Starting point is 01:40:45 I said, why don't we, why don't we have an agreement? We're not going to tell them what to do with their lives. And they don't tell us what to do with our lives in Northwest Florida. And then, of course, I'm right, you know, turn that frown upside down. But that's what's changed the most. I used to have this sort of federalism approach, sort of a 10th Amendment post-civil rights. Right. Federalism approach where let's let the states do what the states do. But when I, when I felt that way, you know, George Voinovich was governor in Ohio. Jeb Bush was governor in Florida. Mitt Romney was governor in Utah. And then John Huntsman. And these were people that I felt, you know, kind of like Spencer Cox.
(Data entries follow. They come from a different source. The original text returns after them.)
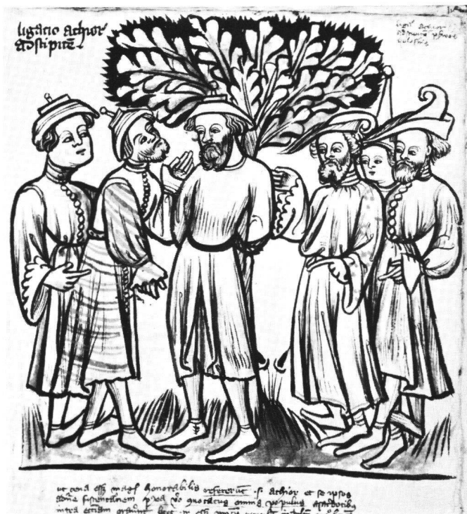
Abb. 5 Basel, Universitätsbibliothek: A II 5, fol. 182: Achior am Baum.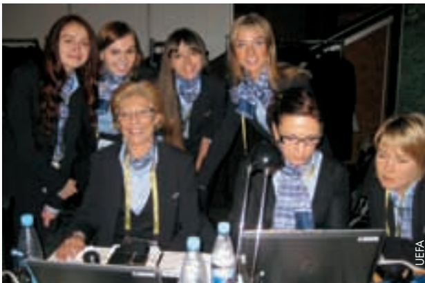
Zufriedene Gesichter hinter den Kulissen der Endrundenauslosung in Kiew.

Die bezahlten Stellen sind in den Bereichen TV- und Video-Produktion, Host-Broadcasting-Logistik und Broadcaster-Dienste angesiedelt. Das Talentprogramm richtet sich an die Fakultäten für Medien, Journalismus und Sport der Universitäten in den Austragungsstädten und bietet den Studenten die einmalige Chance, ihr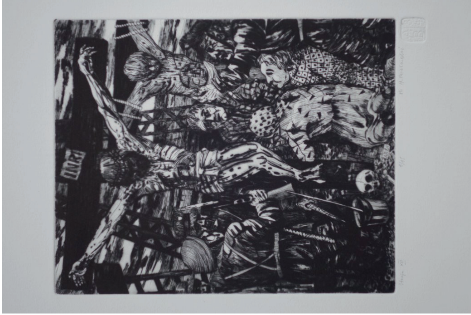
12. Andrzej Bielański, Stacja XII, Jezus umiera na krzyżu , z cyklu Droga krzyżowa , 1984, sucha igła (fot. K. Kopiańia).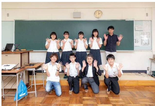
▲ 中高生との意見交換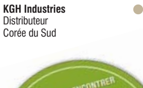
KGH Industries Distributeur Corée du Sud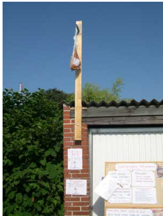
"Gæt skinkens højde og vind den"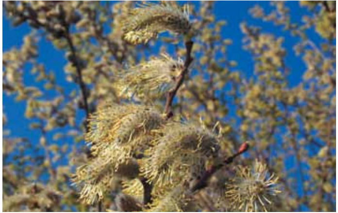
Salice grigio

La vegetazione arborea presente nel territorio delle Cave di Noale è caratterizzata soprattutto da boscaglia di tipo igrofilo prevalentemente a salici, pioppi e ontani. Nelle zone più vicine ai laghi, a ridosso della vegetazione tipicamente palustre, prevalgono gli arbusteti igrofili a salice grigio ( Salix cinerea L.), molto comuni sono anche il salice rosso ( Salix purpurea L.), il salice bianco ( Salix alba L.), il pioppo nero ( Populus nigra L.), il pioppo bianco ( Populus alba L.) e l'ontano nero ( Alnus glutinosa L.).

Starting point is 01:41:26 Yeah. Who has been, I think, fairly compassionate on the trans issue, a conservative, but still compassionate. Come on, come on guys. Send some great stuff about social media. Yeah, I said some good, really great stuff about social media. So, but that's how I saw Republican governors back in the 1990s. I can't feel that one anymore. I can't trust what Greg Abbott's going to do. I can't trust what's going to happen in a lot of deep red states as far as on issues involving people's rights, their livelihoods.
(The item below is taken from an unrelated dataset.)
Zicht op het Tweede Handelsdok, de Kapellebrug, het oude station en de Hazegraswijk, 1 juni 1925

Starting point is 01:41:56 What does a, like, a post-Trump version of the Republican Party look like to you that is healthy and viable and, like, and that you? You could see it actually happening, not like fantasy camp for. Yeah. Now, you know, I don't think it can happen because I've gotten past being shocked and stunned and deeply saddened by what Donald Trump does. Yeah. And now I'm shocked and stunned and deeply saddened that an overwhelming majority of Americans are perfectly fine with Republican Republicans are perfectly fine with what ICE is doing.
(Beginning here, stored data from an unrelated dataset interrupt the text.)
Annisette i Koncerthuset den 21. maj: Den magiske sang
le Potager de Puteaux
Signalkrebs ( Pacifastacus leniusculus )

Starting point is 01:42:30 And you sit there and you go, how the hell could a majority of Republicans think what's going on is okay. They do right now. So I don't know how there's this base. I mean, I've always been a big believer that when Ronald Reagan comes along in 1980, the party becomes what Ronald Reagan is because he's such a big force. Same thing with Barack Obama. Barack Obama comes along. The Democratic Party is Barack Obama.
Starting point is 01:42:56 Same thing with Donald Trump. I've always believed when Donald Trump leaves, you know, just like the Obama magic, the Reagan magic, it's not transferable. Yeah. Even Bill Clinton being able to get away with everything, not even transferable to Hillary. No. Like, he's Bill Clinton. He gets away with everything, you know? So these are not like fungible commodity. So it depends on who the leader of the Republican Party is coming up.
Starting point is 01:43:26 Would you bet Vance is the nominee if you had to pick right now? I don't think so. I think somebody, I know this is shocking. Yeah. I think it might be somebody worse. Worse than Vance. Worse than Vance. That's what I think, too.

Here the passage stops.